Street Smarts

Street Smarts

One Market Under God: Extreme Capitalism, Market Populism, and the End of Economic Democracy
by Thomas Frank
Doubleday, 2000, 414 pp., $26.00

 

This is the story of a bizarre and, according to its narrator, victorious cultural counterrevolution. Thomas Frank calls it “market populism.” The phrase captures a stunning reversal in the way many people think about the free market. Old-fashioned populism held that laissez-faire capitalism presented the gravest danger to freedom, democracy, equality, and the material well-being of most citizens. Market populism turns that skepticism inside out. It persuades us that the market is the gateway to universal liberation. Egalitarian beyond compare, the free market eviscerates every authoritarian instinct, every hierarchical institution, every form of elitist snobbery. It conducts a twenty-four-hour-a-day plebiscite on the people’s preferences, an exquisitely more sensitive barometer of popular desire than the cumbersome and rickety apparatus of democratic political wrangling. Actually, market libbers argue, it is precisely those collectivist institutions, those legislative restraints, those ideological delusions standing outside the charmed circle of the marketplace—trade unions, government regulatory agencies, safety nets, codes of fair conduct, the leftovers of a smart-ass social engineering mentality, in a word, all the paraphernalia of the old populism—that short-circuit a full emancipation.
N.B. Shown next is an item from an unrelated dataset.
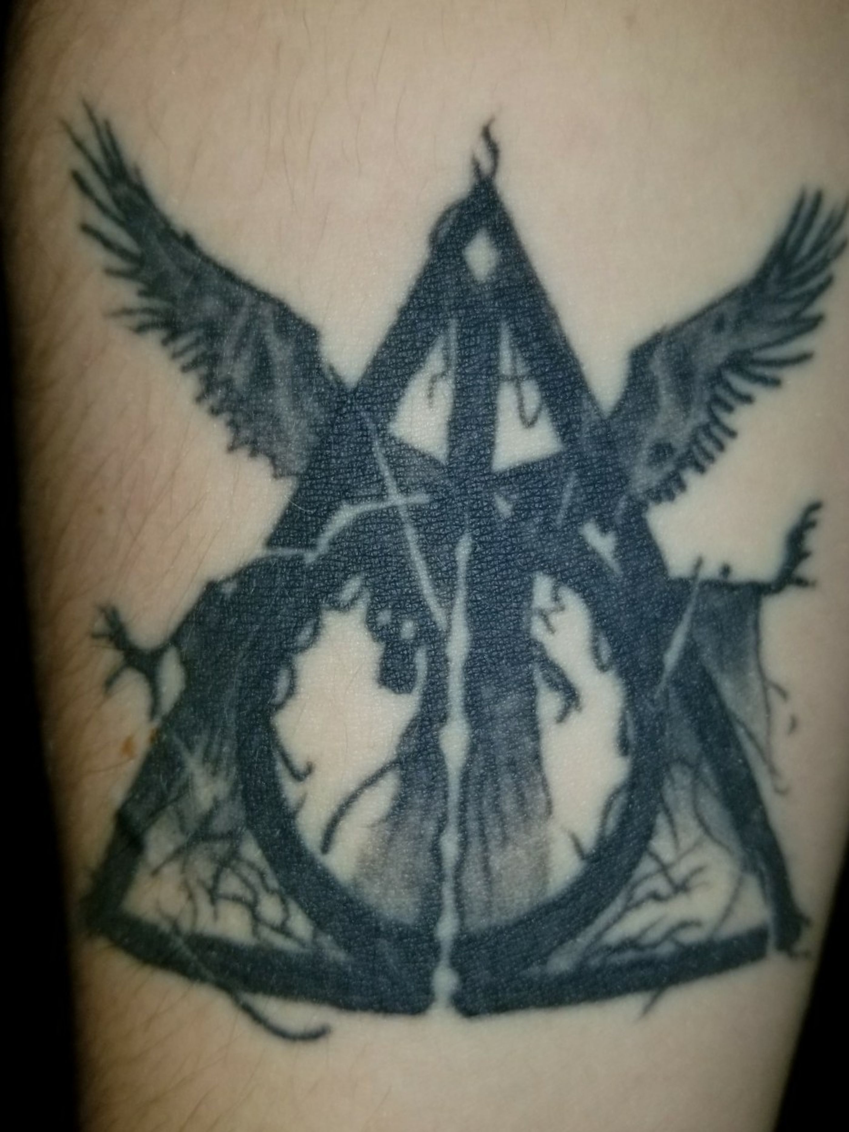 My Deathly Hallows tattoo. #harrypotter #deathlyhallows #HarryPotterTattoos #HPmagictattoo #Black #HarryPotterInk #

Here then is a counterrevolution that looks to the future, is not hung up on the past. Frank takes a certain pleasure in reciting “market populism’s” transparent contradictions just to make its triumph that much more marvelous. Market populism champions choice, but leaves no room for doubt that the market is the only choice. It cherishes democracy, but is out of temper with every form of popular government or social movement with the chutzpah to challenge the market’s omniscience. While the marketeers work up a Jacobin rage against each noxious sign of class pretension, they worship a pantheon of CEOs in an ascending order of cupidity. Inspired by the free-spirited, anything goes anarchy of the market unchained, dripping with contempt for the bureaucrat’s iron cage, these avatars of free agency nonetheless live out their lives under a regime of great corporations as hierarchically put together as the Vatican. Full of reassurances that in the long run nothing works better than the market in leveling the playing field, market populism blesses unprecedented levels of income and wealth inequality, measuring progress by the growth in the earth’s square acreage of billionaires.